The UV absorption maxima (logε) in MeOH at 264 (3.9), 299 (3.4), and 302 (3.5) nm and the IR spectrum (νmax: 3400 and 1625 cm−1) of 2 implied that 2 is a congener of 1. The molecular formula of 2 was established as C25H35NO8S by HRESIMS data (obsd m/z 508.2028 [M – H]–, calcd for C25H34NO8S 508.2005). The 1H and 13C NMR chemical shifts of 2 were similar to those of 1 (), except for the C-2 moiety. The chemical shifts of C-2 (δH 3.94, δC 67.2) and the molecular formula of 2 suggested the presence of an additional hydroxy group at the C-2 position. Detailed analyses of the 2D NMR data supported the proposed structure shown in ). The partial relative configuration of 2 was determined by NOESY to be the same as 1 ()).
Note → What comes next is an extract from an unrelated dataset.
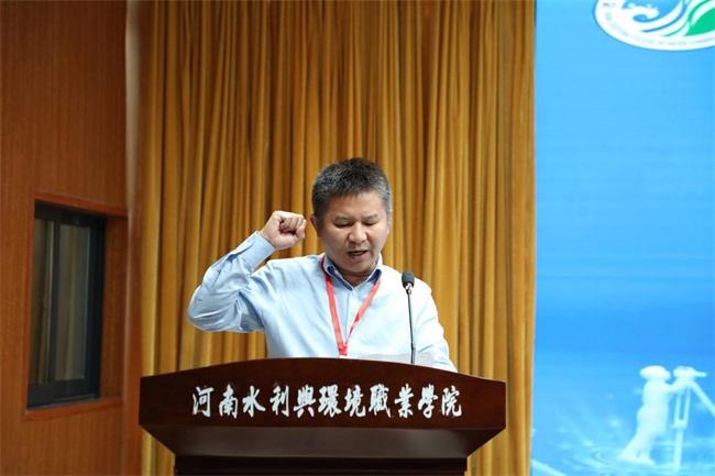 裁判員代表中國礦業(yè)大學(北京)袁德寶教授、參賽選手代表河南水環(huán)學院土木工程系學生穆俊龍依次上臺宣誓,表示要嚴格遵守賽項規(guī)則,公平公正執(zhí)裁和競賽。賽項技術支持企業(yè)廣州南方測繪科技股份有限公司鄭州分公司總經(jīng)理王小剛表示,將盡最大努力為大賽提供技術支持和服務,確保大賽順利進行?偛门虚L翟翊宣布大賽開幕。

Additionally, the large coupling constant value (12.0 Hz) between 2-H and 1-Ha (δH 1.75) indicated that 2-H and 1-Ha are in diaxial orientations and that the hydroxy group at C-2 is in the equatorial orientation. NOESY correlations among 14-H3, 15-H3, and 2-H supported this orientation. From the absolute configuration of 1, the absolute configuration of 2 was established as 2R, 3S, 5S, 8R, 9R and 10S.
MBJ-0032 (3) features the following properties: [α]24D – 30 (c 0.05, MeOH); UV λmax (logε) in MeOH: 264 (3.9), 299 (3.4), and 302 (3.5) nm; HRESIMS: m/z 607.3144 [M–H]–, calcd for C33H43N4O7 607.3132; and IR absorption (νmax): 3400 and 1625 cm–1. The NMR spectra indicated that a partial structure of 3 was the same as that of 1, including the relative configuration, with the exception of an anserine moiety as described below. 1H spin couplings between an α-methine proton 2′′-H (δH 4.52) and methylene protons 3′′-H2 (δH 3.19, 2.98) and 1H–13C long-range couplings from 2′′-H to a carbonyl carbon C-1′′ (δC 175.8) and an aromatic quaternary carbon C-4′′ (δC 132.8), from 3′′-H2 to C-1′′, C-4′′, and an aromatic methine carbon C-5′′ (δC 121.1) were observed. Furthermore, HMBC correlations from 5′′-H (δH 7.08) to an aromatic methine carbon C-6′′ (δC 137.0), and from the N-methyl proton 7′′-H3 (δH 3.75) to C-4′′ and C-6′′ were observed. Thus, the planar structure of a 3-methylhistidine (synonyms: Nπ-methylhistidine, 3-N-methylhistidine) moiety was revealed to be as shown in ). The structure of a β-alanine moiety was deduced from 1H coupling between nitrogen-bonded methylene protons 9′-H2 (δH 3.77) and the methylene protons 10′-H2 (δH 2.58), together with 1H–13C long-range correlations from 9′-H2 and 10′-H2 to an amide carbonyl carbon C-11′ (δC 172.9), which in turn showed a long-range correlation to 2′′-H. Taken together, these couplings implied the presence of an anserine moiety. Additionally, HMBC correlations from 9′-H2 to a carbonyl carbon C-7′ (δC 171.0) and a nitrogen-substituted methylene carbon C-8′ (δC 49.0) proved that the connectivity from C-9′ to C-7′ and C-8′ was mediated by a nitrogen atom. Hence, the planar structure of 3 was established to be as shown in .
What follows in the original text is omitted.